▸ **Your instructions**: Set down each record below precisely, skipping the pictures.
---- Data section
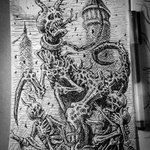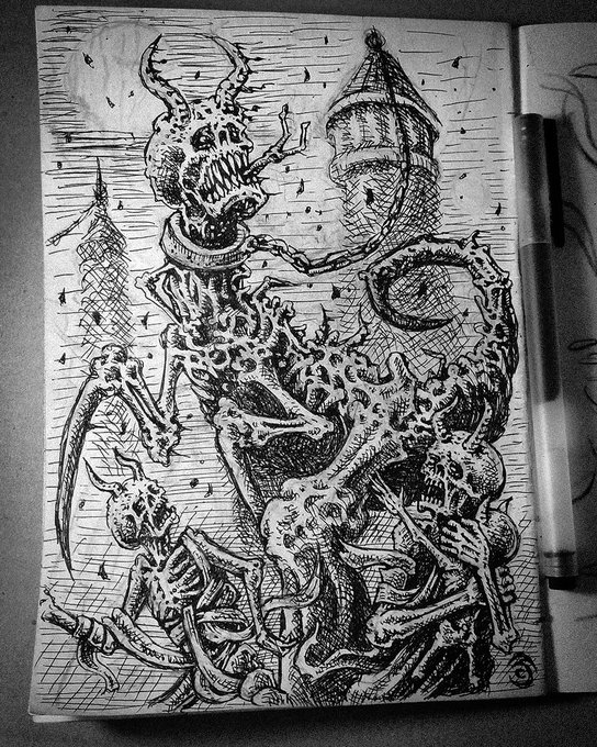 Inktober52: Prompt 17 - Dino Dinosaurs don't quite fit the demonic atmosphere of the series of my messy sketches, so I had to change the prehistoric monster a little bit. #darkart #inktober52dino
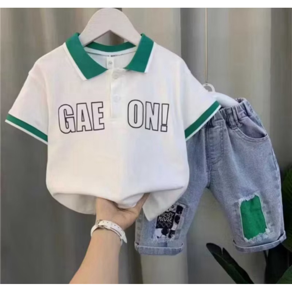 Setelan Anak Laki Laki Kaos Polo Jeans Denim Pendek Lucu Keren Usia 1-5 Tahun
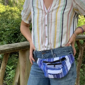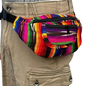 Featuring vibrant stripes in varying widths and colors, this 100% cotton waist pack offers maximum utility with three zippered compartments. Whether you're running errands or out for a day of adventure, its adjustable strap ensures a comfortable fit.
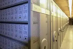Los documentos se custodian en tres depósitos rectangulares, distribuidos en tres plantas simétricas y dotados con estanterías compactas, con la siguiente capacidad: Depósito de la planta baja (6.120 cajas), depósito de la planta primera (7.920 cajas) y depósito de la planta tercera (7.920 cajas). Las cajas a las que nos referimos son de tamaño folio prolongado.
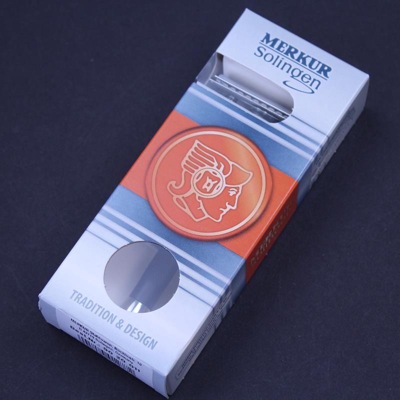 Supplied in a Merkur branded cardboard box with a single Merkur blade.
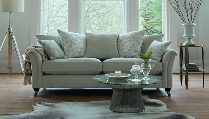 Parker Knoll Devonshire Large 2 Seater Sofa with 4 Pillows 2 Scatters The Parker Knoll Devonshire large 2 Seater Sofa has 4 back pillows and 2 scatter cushions with sprung seats and deep luxury cushions available in a large selection of luxury fabrics.
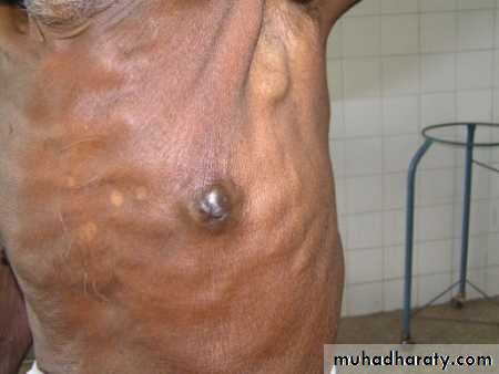 a-large tumour in relation to breast sizeb-center tumour beneath or involve nipple
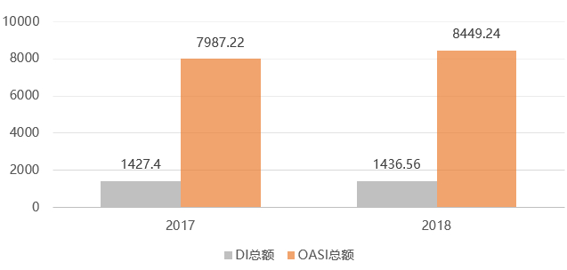OASDI计划由OASI(老年、遗属保险)和DI(残障保险)两部分组成,从人数和规模上看,OASI计划的相比DI计划更为主要。OASI针对退休工人及其家属和已故工人的遗属,DI则针对残疾工人及其家属。规模上,OASI基金提供的福利金额占OASDI比例约为85%,DI约为15%。人口老龄化逐渐加深,所以从OASI领取福利的人数持续增长,而领取DI福利的人数下降。
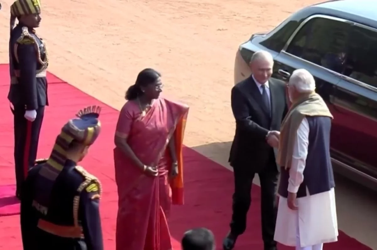 Российский лидер подъехал к резиденции, где его поприветствовали президент Индии Дроупади Мурму и премьер-министр Нарендра Моди. Во время церемонии оркестр исполнил гимн России.
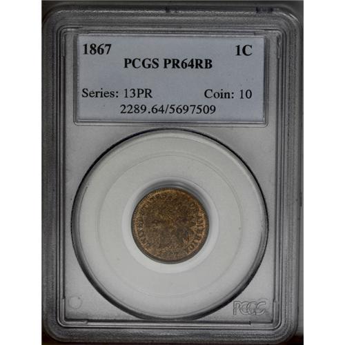 <B>1867<1C> PR64 Red and Brown PCGS.</B></I> A well struck near-Gem that has unmarked surfaces and luminous peripheral gold color on the reverse. The centers have variegated golden-brown and lavender colors. Clearly original and attractive.
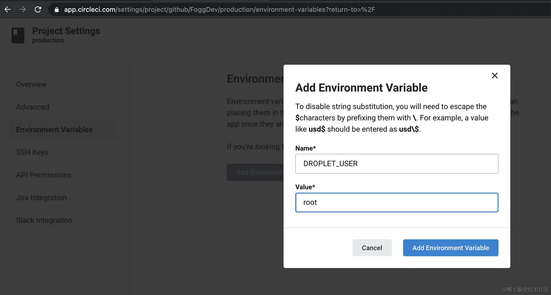 最后,让我们向 CircleCI 添加一些环境变量。
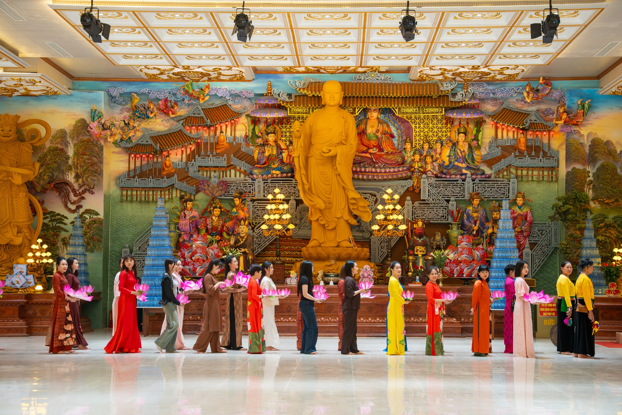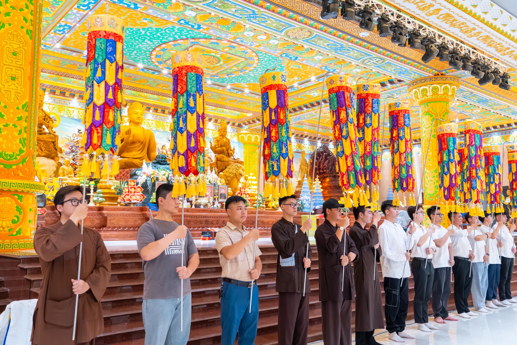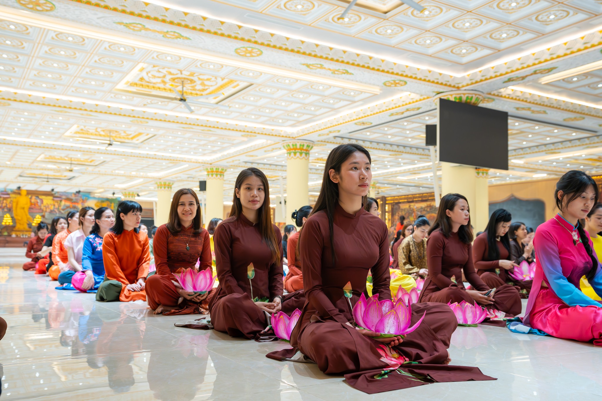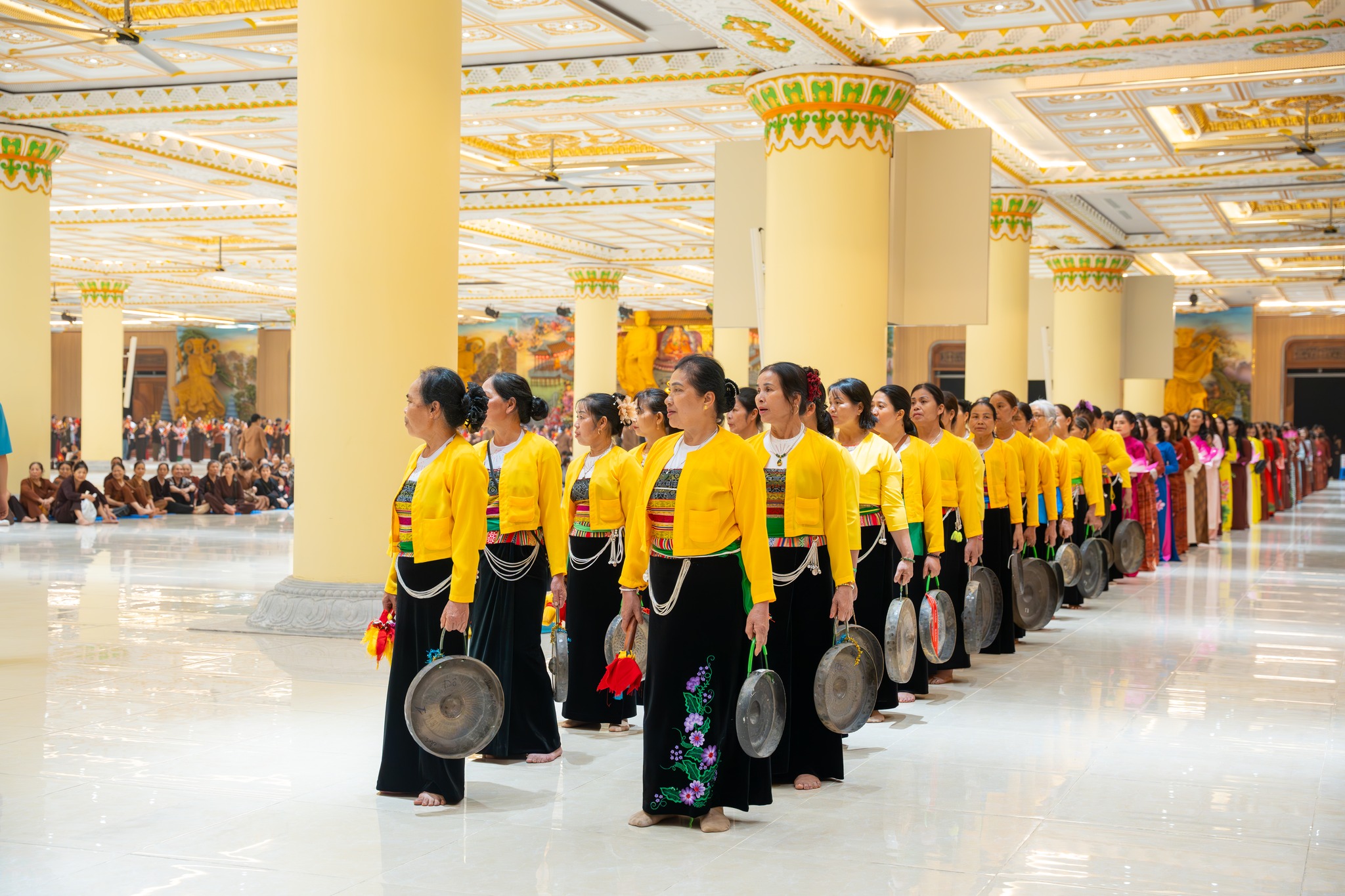 Tham gia buổi diễn tập có gần một nghìn Phật tử đến từ nhiều đạo tràng trên địa bàn Hà Nội và các tỉnh lân cận. Các đội hình rước, gồm nhóm cờ hoa, nhóm Phật tử dân tộc, nhóm rải hoa cúng dường… được tổ chức sắp xếp chặt chẽ, di chuyển đồng bộ theo trình tự nghi lễ, giữ sự trang nghiêm xuyên suốt quá trình tập luyện.
--------
▸ **Task solution**:
 Inktober52: Prompt 17 - Dino Dinosaurs don't quite fit the demonic atmosphere of the series of my messy sketches, so I had to change the prehistoric monster a little bit. #darkart #inktober52dino
 Setelan Anak Laki Laki Kaos Polo Jeans Denim Pendek Lucu Keren Usia 1-5 Tahun
 Featuring vibrant stripes in varying widths and colors, this 100% cotton waist pack offers maximum utility with three zippered compartments. Whether you're running errands or out for a day of adventure, its adjustable strap ensures a comfortable fit.
Los documentos se custodian en tres depósitos rectangulares, distribuidos en tres plantas simétricas y dotados con estanterías compactas, con la siguiente capacidad: Depósito de la planta baja (6.120 cajas), depósito de la planta primera (7.920 cajas) y depósito de la planta tercera (7.920 cajas). Las cajas a las que nos referimos son de tamaño folio prolongado.
 Supplied in a Merkur branded cardboard box with a single Merkur blade.
 Parker Knoll Devonshire Large 2 Seater Sofa with 4 Pillows 2 Scatters The Parker Knoll Devonshire large 2 Seater Sofa has 4 back pillows and 2 scatter cushions with sprung seats and deep luxury cushions available in a large selection of luxury fabrics.
 a-large tumour in relation to breast sizeb-center tumour beneath or involve nipple
OASDI计划由OASI(老年、遗属保险)和DI(残障保险)两部分组成,从人数和规模上看,OASI计划的相比DI计划更为主要。OASI针对退休工人及其家属和已故工人的遗属,DI则针对残疾工人及其家属。规模上,OASI基金提供的福利金额占OASDI比例约为85%,DI约为15%。人口老龄化逐渐加深,所以从OASI领取福利的人数持续增长,而领取DI福利的人数下降。
 Российский лидер подъехал к резиденции, где его поприветствовали президент Индии Дроупади Мурму и премьер-министр Нарендра Моди. Во время церемонии оркестр исполнил гимн России.
 <B>1867<1C> PR64 Red and Brown PCGS.</B></I> A well struck near-Gem that has unmarked surfaces and luminous peripheral gold color on the reverse. The centers have variegated golden-brown and lavender colors. Clearly original and attractive.
 最后,让我们向 CircleCI 添加一些环境变量。
 Tham gia buổi diễn tập có gần một nghìn Phật tử đến từ nhiều đạo tràng trên địa bàn Hà Nội và các tỉnh lân cận. Các đội hình rước, gồm nhóm cờ hoa, nhóm Phật tử dân tộc, nhóm rải hoa cúng dường… được tổ chức sắp xếp chặt chẽ, di chuyển đồng bộ theo trình tự nghi lễ, giữ sự trang nghiêm xuyên suốt quá trình tập luyện.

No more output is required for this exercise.